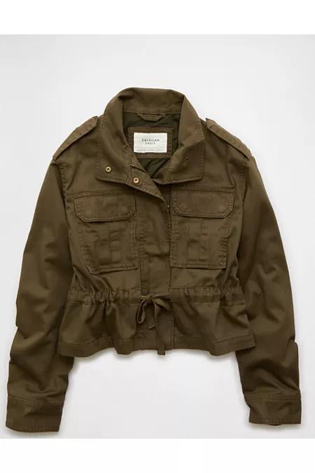 Structured twill fabric/Mock neck/Zip-up front with storm placket/Utility pockets/Peplum
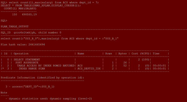 WHERE SQL_TEXT LIKE ‘%ACS where dept_id%’
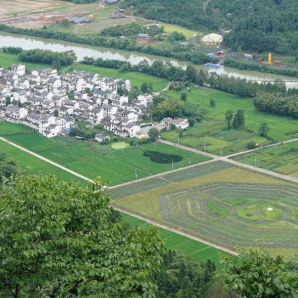 如果是春季油菜花开时应该会更漂亮。眺望山下,可见一太极八卦田和葫芦形水塘。截图放大,旁边的村子叫南坑
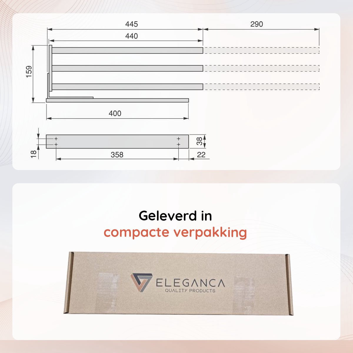 Dit uittrekbare, luxe handdoekrek van Eleganca is een must-have om jouw badkamer en/of keuken stijlvol en geordend in te richten. Dit Eleganca uittrekbaar Handdoekrek is eenvoudig te monteren, vriendelijk in gebruik en gemaakt van hoge kwaliteit aluminium. Door het moderne en stevige design van deze handdoekstang en het formaat van D44,5 x B15,9 x H3,8cm, past deze luxe handdoekhouder mooi in elke keuken of badkamer. Het badkamer handdoekrek kan eenvoudig onder- of aan de zijkant van een kast gemonteerd worden. De keuken handdoekhouder kan vloeiend uitgeschoven worden tot 29cm buiten de kast, waaraan het rek gemonteerd is.
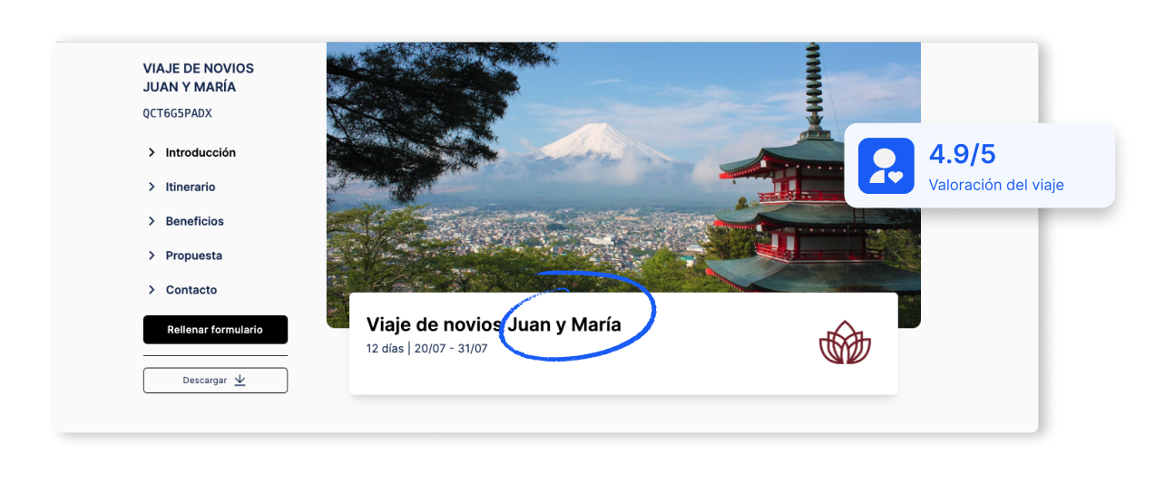 At MOGU we have thought about this, which is why we equip travel agents, especially those traveling with brides, with a trip builder with which to compose presentations in minutes. And not only that, those presentations can be grouped together to create the catalogs that we mentioned in the previous point.
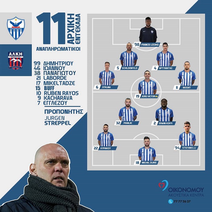 Η επιστροφή του Φράνσις Ουζόχο στη θέση του τερματοφύλακα είναι το σημείο αναφοράς στην αρχική εντεκάδα την οποίαν επέλεξε ο Γιούργκεν Στρέπελ κόντρα στην Αλκή Ορόκλινη. Ο Ολλανδός τεχνικός παρατάσσει την ομάδα με τετράδα στα μετόπισθεν και συγκεκριμένα τους:
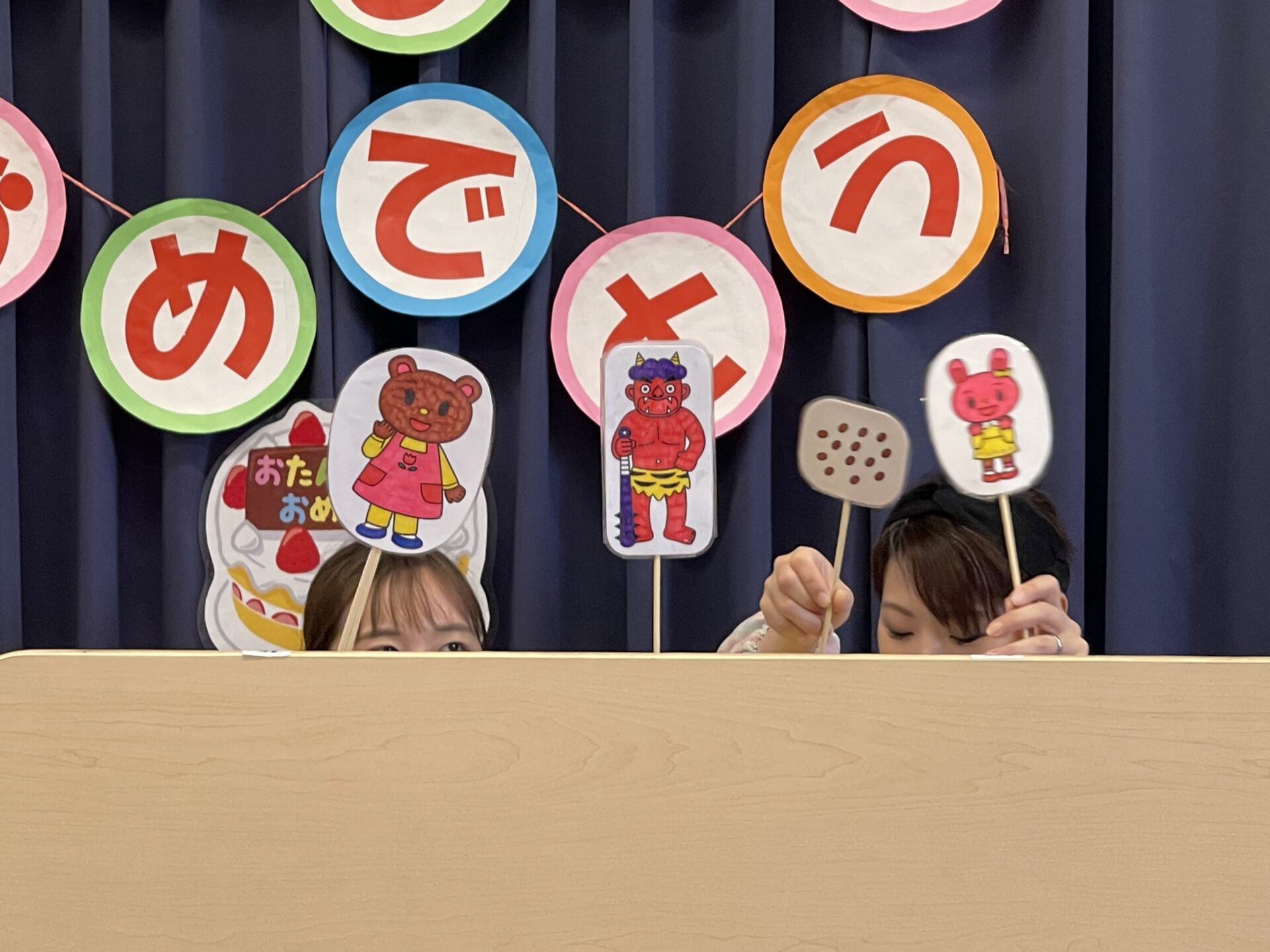 先生の出し物は、節分の由来にちなんだペープサート。『節分ってなに?』『どうして豆を投げるの?』など、みんな真剣にお話を聞いていました。豆は、年の数よりひとつ多く食べるんですって!
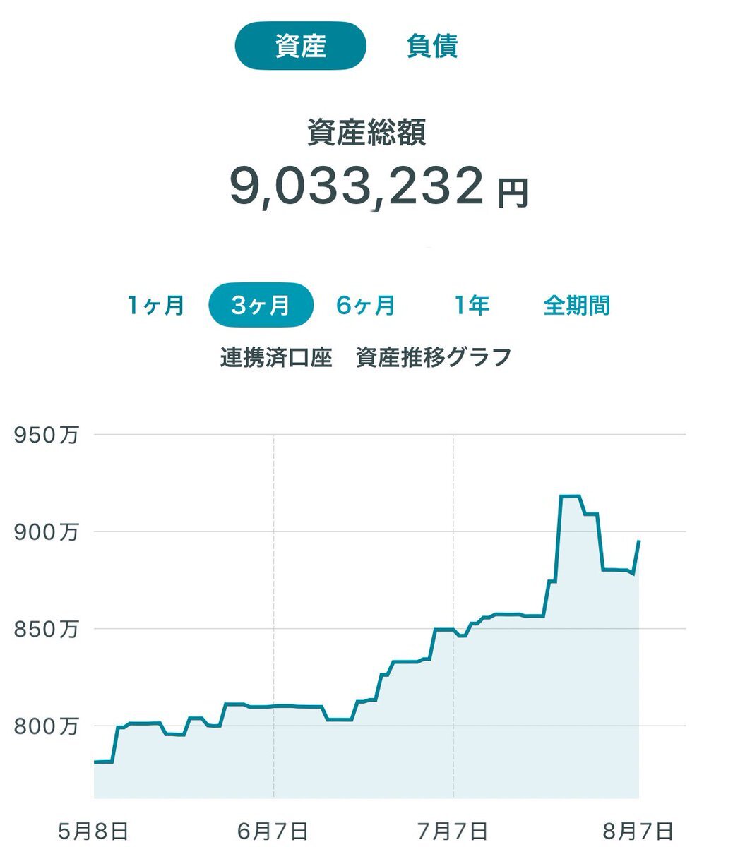 \( *°ω°* )/ヤッタ-!! ついにお小遣い資産が900万円突破🎉 飲み代&昼ごはん代込みで月3万円の 赤ちゃん並みの入金力で達成できたのはあつい🔥 なかなか入金できない人も一緒にがんばろー😆✨ 2023年4月 500万円突破㊗️ 2023年7月 600万円突破🎉 2024年3月 700万円突破😆 2024年12月 800万円突破✌️
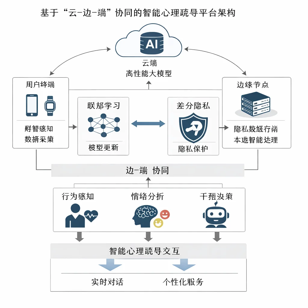 本项目旨在构建一个深度融合群智感知[1][2]数据收集机制、联邦学习与差分隐私技术,并基于“云-边-端”协同架构的智能心理疏导交互平台。系统采用移动群智感知模式,以众包[1]方式汇聚多源移动终端数据,支持环境感知与实时决策,同时引入差分隐私技术对用户位置等动态敏感信息进行有效保护。在架构设计上,系统依托“云-边-端”协同框架,结合边缘智能理念,通过智能体统一调度用户行为感知、情绪分析与干预决策等环节,形成持续的感知网络。用户隐私数据存储于边缘节点,由边缘设备执行实时、轻量级的本地交互任务,确保在网络受限环境下仍能提供基本服务能力。当面临复杂对话场景时,智能体可动态向云端发起协同请求,调用高性能大模型进行深度语义理解与生成,实现服务能力与隐私保护的有效平衡。最终建成一个具备智能体协同感知、边缘智能、隐私保护与个性化服务能力的心理疏导平台。根据上面这段话生成一个科研论文里的流程图,要求风格简洁严谨,使用箭头或图形,文字采用简体中文宋体
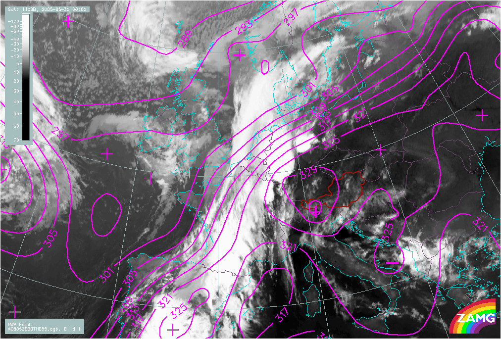 30 May 2005/00.00 UTC - Meteosat 8 IR10.8 image; blue: thermal front parameter 500/850 hPa, magenta: ThetaE 850 hPa
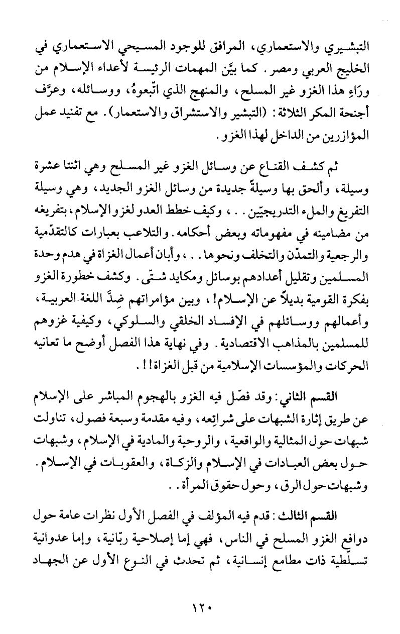 الفسم الثاني: وقد فصّل فيه الغزو بالهجوم المباشر على الإسلام
◇ ◇ ◇
**What is being asked:**
An exact reproduction of the material is needed, without its images.

**Written response:**
 Structured twill fabric/Mock neck/Zip-up front with storm placket/Utility pockets/Peplum
 WHERE SQL_TEXT LIKE ‘%ACS where dept_id%’
 如果是春季油菜花开时应该会更漂亮。眺望山下,可见一太极八卦田和葫芦形水塘。截图放大,旁边的村子叫南坑
 Dit uittrekbare, luxe handdoekrek van Eleganca is een must-have om jouw badkamer en/of keuken stijlvol en geordend in te richten. Dit Eleganca uittrekbaar Handdoekrek is eenvoudig te monteren, vriendelijk in gebruik en gemaakt van hoge kwaliteit aluminium. Door het moderne en stevige design van deze handdoekstang en het formaat van D44,5 x B15,9 x H3,8cm, past deze luxe handdoekhouder mooi in elke keuken of badkamer. Het badkamer handdoekrek kan eenvoudig onder- of aan de zijkant van een kast gemonteerd worden. De keuken handdoekhouder kan vloeiend uitgeschoven worden tot 29cm buiten de kast, waaraan het rek gemonteerd is.
 At MOGU we have thought about this, which is why we equip travel agents, especially those traveling with brides, with a trip builder with which to compose presentations in minutes. And not only that, those presentations can be grouped together to create the catalogs that we mentioned in the previous point.
 Η επιστροφή του Φράνσις Ουζόχο στη θέση του τερματοφύλακα είναι το σημείο αναφοράς στην αρχική εντεκάδα την οποίαν επέλεξε ο Γιούργκεν Στρέπελ κόντρα στην Αλκή Ορόκλινη. Ο Ολλανδός τεχνικός παρατάσσει την ομάδα με τετράδα στα μετόπισθεν και συγκεκριμένα τους:
 先生の出し物は、節分の由来にちなんだペープサート。『節分ってなに?』『どうして豆を投げるの?』など、みんな真剣にお話を聞いていました。豆は、年の数よりひとつ多く食べるんですって!
 \( *°ω°* )/ヤッタ-!! ついにお小遣い資産が900万円突破🎉 飲み代&昼ごはん代込みで月3万円の 赤ちゃん並みの入金力で達成できたのはあつい🔥 なかなか入金できない人も一緒にがんばろー😆✨ 2023年4月 500万円突破㊗️ 2023年7月 600万円突破🎉 2024年3月 700万円突破😆 2024年12月 800万円突破✌️
 本项目旨在构建一个深度融合群智感知[1][2]数据收集机制、联邦学习与差分隐私技术,并基于“云-边-端”协同架构的智能心理疏导交互平台。系统采用移动群智感知模式,以众包[1]方式汇聚多源移动终端数据,支持环境感知与实时决策,同时引入差分隐私技术对用户位置等动态敏感信息进行有效保护。在架构设计上,系统依托“云-边-端”协同框架,结合边缘智能理念,通过智能体统一调度用户行为感知、情绪分析与干预决策等环节,形成持续的感知网络。用户隐私数据存储于边缘节点,由边缘设备执行实时、轻量级的本地交互任务,确保在网络受限环境下仍能提供基本服务能力。当面临复杂对话场景时,智能体可动态向云端发起协同请求,调用高性能大模型进行深度语义理解与生成,实现服务能力与隐私保护的有效平衡。最终建成一个具备智能体协同感知、边缘智能、隐私保护与个性化服务能力的心理疏导平台。根据上面这段话生成一个科研论文里的流程图,要求风格简洁严谨,使用箭头或图形,文字采用简体中文宋体
 30 May 2005/00.00 UTC - Meteosat 8 IR10.8 image; blue: thermal front parameter 500/850 hPa, magenta: ThetaE 850 hPa
 الفسم الثاني: وقد فصّل فيه الغزو بالهجوم المباشر على الإسلام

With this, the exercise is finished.